The hyper-enriched plant is widely applied to soil remediation due to the high accumulation and tolerance of the hyper-enriched plant to heavy metals, and has the advantages of no secondary pollution, low cost and the like. Patent CN107695088A discloses a method for restoring As and Cd combined polluted farmland soil by using a hyper-enriched plant biomass charcoal combined system. The method utilizes hyper-enrichment plants and a modifier to restore the soil Cd; but the repair efficiency is low, the repair cycle is long, the repair process is complex, and the treatment cost is increased. Patent CN107999535A discloses a method for restoring cadmium-polluted soil by using herbaceous plants, patent CN108114977A discloses a method for quickly restoring cadmium-polluted cultivated land by using super-enriched plants and energy plants for crop rotation planting, and patent CN109127695A discloses a phytoremediation method for heavy metal Cd-polluted soil. The above patents have low mass transfer efficiency, low Cd reduction efficiency, complex operation and higher cost. Therefore, a Cd reduction method which does not cause secondary pollution, is environment-friendly, and has high and durable treatment efficiency is urgently needed.
Disclosure of Invention
Aiming at the defects of the prior art, the invention discloses an in-situ reduction remediation method for a cadmium-polluted farmland, which is used for realizing the rapid and efficient remediation of the cadmium-polluted farmland.
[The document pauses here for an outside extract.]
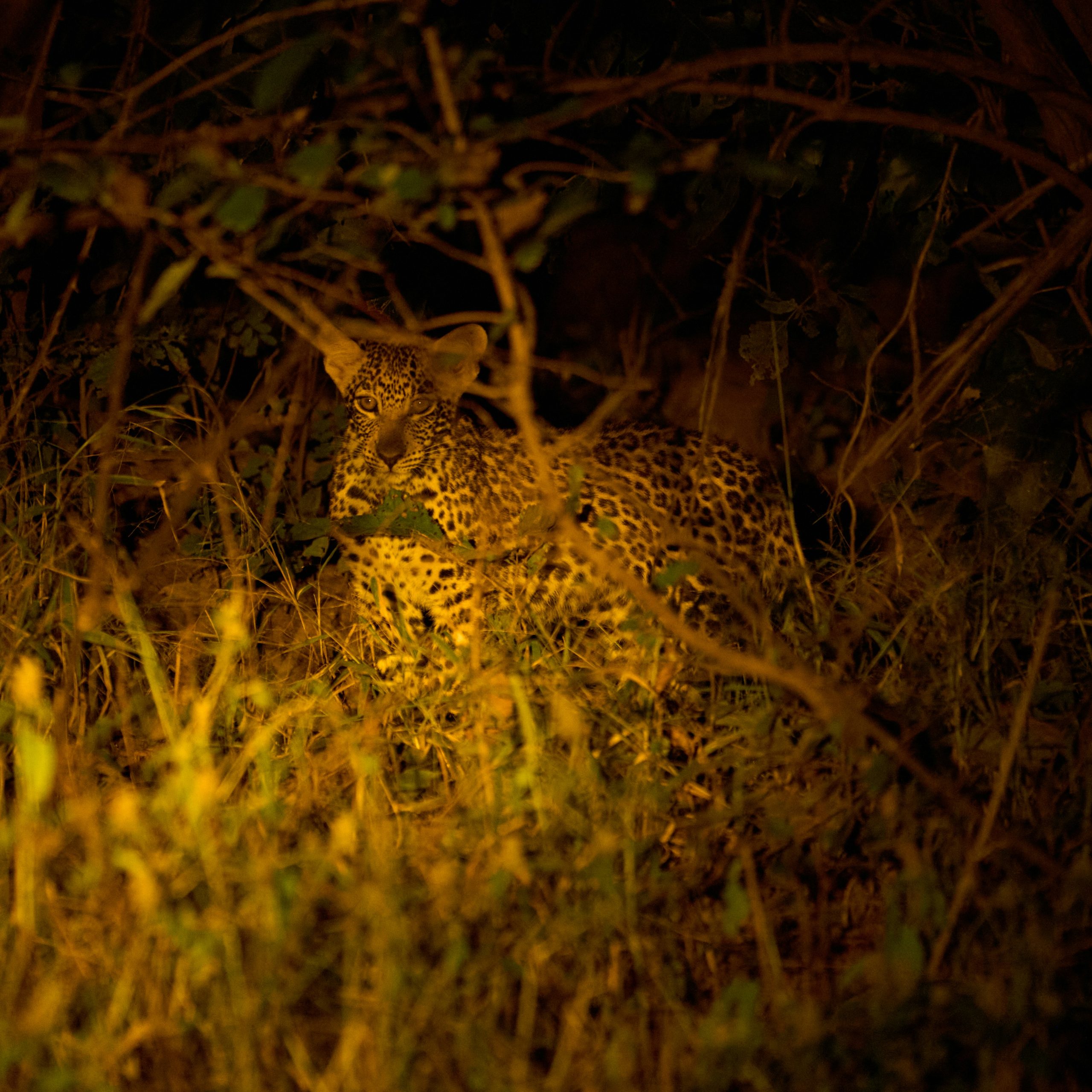 Al caer la noche, los grandes felinos despiertan de su letargo diurno. Los leopardos acechan desde las ramas bajas de los árboles o avanzan con pasos sigilosos entre la hierba alta, mientras las leonas se organizan para la caza. A diferencia de las horas de luz, cuando suelen reposar bajo la sombra, en la penumbra muestran su carácter activo y estratégico. También es posible avistar hienas, zorros orejudos y civetas, criaturas discretas que se revelan únicamente bajo el amparo de la oscuridad.

In order to solve the technical problems, the technical scheme of the invention is as follows:
an in-situ reduction remediation method for a cadmium-polluted farmland comprises the steps of ploughing the farmland to be remediated, introducing an eluent solution into the farmland, uniformly mixing ploughed soil and the eluent solution, standing for layering, putting an ecological floating plate into the farmland, taking out the ecological floating plate after 15-30 days, and realizing in-situ removal of cadmium in the cadmium-polluted farmland;
wherein the concentration of ferric chloride in the eluent solution is 1-10mM, and the concentration of citric acid is 1-5 mM; standing and layering, wherein the water covering height in the farmland is 8-12 cm; the ecological floating plate is provided with a planting groove, the wall of the planting groove is provided with a plurality of through holes, a mixed matrix consisting of biochar and clay is filled in the planting groove, and cadmium-enriched plants are planted on the mixed matrix; the throwing density of the ecological floating plate is 1-5/m2。
Further, during the plowing treatment, the plowing depth of the soil in the field to be restored is 15-30 cm.
Further, the concentration of ferric chloride in the eluent solution is 3-7mM, and the concentration of citric acid is 2-4 mM.
And further, standing for 12-48h to realize layering, namely layering the eluent solution and the soil.
Further, the volume ratio of the biochar to the clay in the mixed matrix is 1-2: 1.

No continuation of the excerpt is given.